There are a few obvious reasons why Hu might go to Chicago: it’s the President’s home town; it’s the headquarters of Boeing, which just sold China $19 billion in airplanes; Illinois is also home to the U.S. operations of Wanxiang International, an auto-parts company that employs more Americans than any other Chinese company. But the deeper explanation involves how China has come to view the city differently than it did a few years ago. Five or six years ago, Chicago was still digging out from its old reputation among the Chinese as the home of Al Capone and Michael Jordan. The Beijing government could hardly care less about the place. In 2006, I watched Daley go have tea with Wang Qishan, who was then the mayor of Beijing and is now a vice-premier and top finance boss. Wang barely seemed to know who Daley was.

But Chicago was building America’s largest Chinese-language education program. There was nothing preordained about Chicago being home to a program of that scale. Rather, it was largely the work of a Chicago educator named Robert Davis, who had studied in China and returned to the city to discover that Chinese was not widely offered. Davis approached the school district, which hired him to start a broad-based program. Davis—whom I’ve known for a decade through China work—told me recently that the language program expanded abruptly after he had a chance encounter with Daley at a Chinese New Year event in 2004. “The next day I was called in to see the mayor,” Davis said. Chicago boosted spending on Chinese, won federal grants to hire teachers, and received money from the Chinese government to set up a Confucius Institute, a center for Chinese instruction, housed in a high school. Those centers—China’s answer to Germany’s Goethe Institut or the Alliance Française—have often stirred fears from critics that China would use them as Trojan horses to push a political line in foreign schools.

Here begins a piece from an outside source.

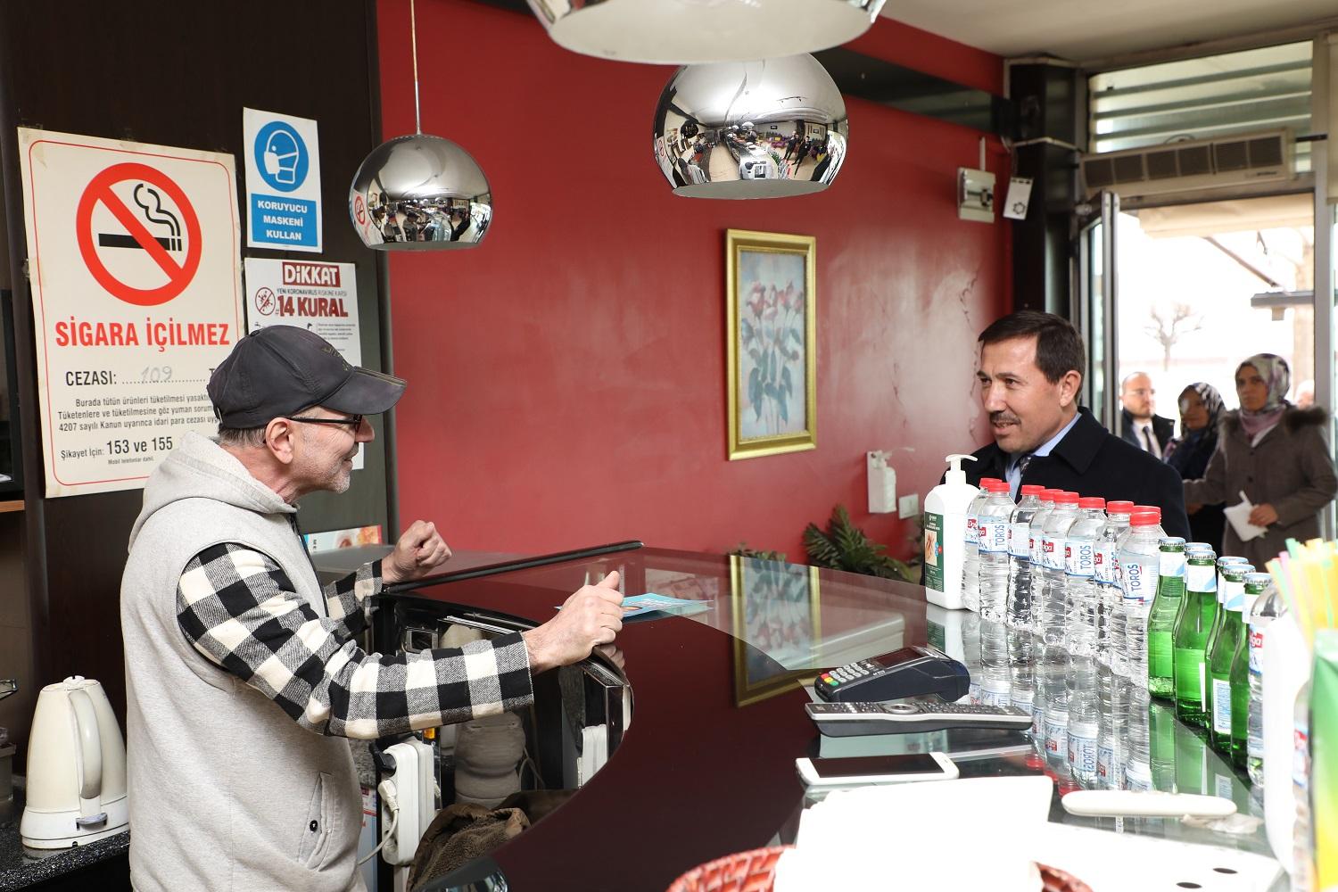 Mahalle sakinleriyle bir araya gelerek kendilerinden destek isteyen Hasan Kılca ile Mehmet Genç, Konya Adliyesi civarındaki Adalet ve Bey Plaza ile çevresindeki esnafları ziyaret ettiler.

“There were certainly questioning voices and critics along the way, and there continues to be,” Davis, who now works as a liason with China for the U.S. College Board, said. “I was pretty aware of the things that people might be nervous about, or which would be potentially questionable, but [I] never encountered anything that we had to say no to or which was of a concern,” he added.

Today, Chicago has the largest Confucius Institute in the world, which Hu will visit this week. Since 2006, the Chinese government has donated roughly $1.6 million in funds and materials to Chicago schools. The city employs fifty-eight full-time Chinese-language teachers; they oversee twelve thousand public-school students learning Chinese. I’ve sat in on Chinese classes in poor neighborhoods, and I’ve seen how it compels students to see China as a plausible part of their lives. Most of those kids will never learn enough Chinese to make a career out of it, but that’s not the point. Those kids are growing up to believe, at least on some level, that China can be a part of their lives. And that is worth something.